There are five patches in mainline to fix this CVE, only two patches have no effect on stable 4.4,
the important reason is 4.4 use simple queue but mainline use RB tree.

I have tried my best to use easy way to fix this with dropping packets 12.5%(or other value) based on simple queue,
but the result is not very well, so the RB tree is needed and tested result is my desire.

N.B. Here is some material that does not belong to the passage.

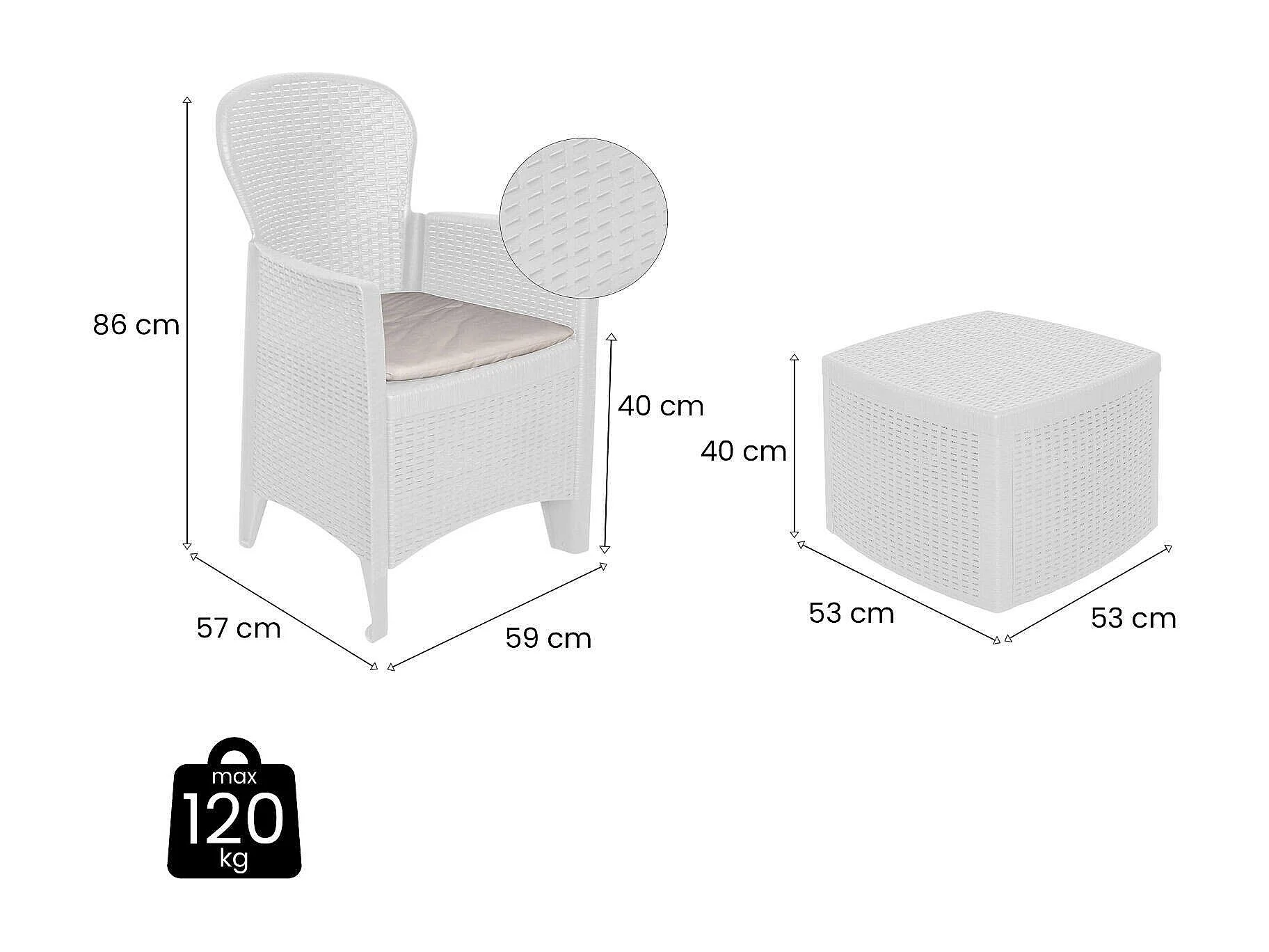 Outdoor-Lounge-Set Napoli, Gartengarnitur mit 2 Sesseln und 1 Containertisch, Sitzecke in Rattan-Optik, 100 % Made in Italy, Weiß

If we only back port two patches but they don't fix the issue, I think they don't make any sense.

> 
> Michal Kubecek
> 
> .
>
Michal Kubecek Aug. 16, 2018, 7:23 a.m. UTC | #5
On Thu, Aug 16, 2018 at 03:19:12PM +0800, maowenan wrote:
> On 2018/8/16 14:52, Michal Kubecek wrote:
> > 
> > My point is that backporting all this into stable 4.4 is quite intrusive
> > so that if we can achieve similar results with a simple fix of an
> > obvious omission, it would be preferrable.
> 
> There are five patches in mainline to fix this CVE, only two patches
> have no effect on stable 4.4, the important reason is 4.4 use simple
> queue but mainline use RB tree.
> 
> I have tried my best to use easy way to fix this with dropping packets
> 12.5%(or other value) based on simple queue, but the result is not
> very well, so the RB tree is needed and tested result is my desire.
> 
> If we only back port two patches but they don't fix the issue, I think
> they don't make any sense.

There is an obvious omission in one of the two patches and Takashi's
patch fixes it. If his follow-up fix (applied on top of what is in
stable 4.4 now) addresses the problem, I would certainly prefer using it
over backporting the whole series.

Michal Kubecek
maowenan Aug. 16, 2018, 7:39 a.m. UTC | #6
On 2018/8/16 15:23, Michal Kubecek wrote:
> On Thu, Aug 16, 2018 at 03:19:12PM +0800, maowenan wrote:
>> On 2018/8/16 14:52, Michal Kubecek wrote:
>>>
>>> My point is that backporting all this into stable 4.4 is quite intrusive
>>> so that if we can achieve similar results with a simple fix of an
>>> obvious omission, it would be preferrable.
>>
>> There are five patches in mainline to fix this CVE, only two patches
>> have no effect on stable 4.4, the important reason is 4.4 use simple
>> queue but mainline use RB tree.
>>
>> I have tried my best to use easy way to fix this with dropping packets
>> 12.5%(or other value) based on simple queue, but the result is not
>> very well, so the RB tree is needed and tested result is my desire.
>>
>> If we only back port two patches but they don't fix the issue, I think
>> they don't make any sense.
> 
> There is an obvious omission in one of the two patches and Takashi's
> patch fixes it. If his follow-up fix (applied on top of what is in
> stable 4.4 now) addresses the problem, I would certainly prefer using it
> over backporting the whole series.

Do you mean below codes from Takashi can fix this CVE?
But I have already tested like this two days ago, it is not good effect.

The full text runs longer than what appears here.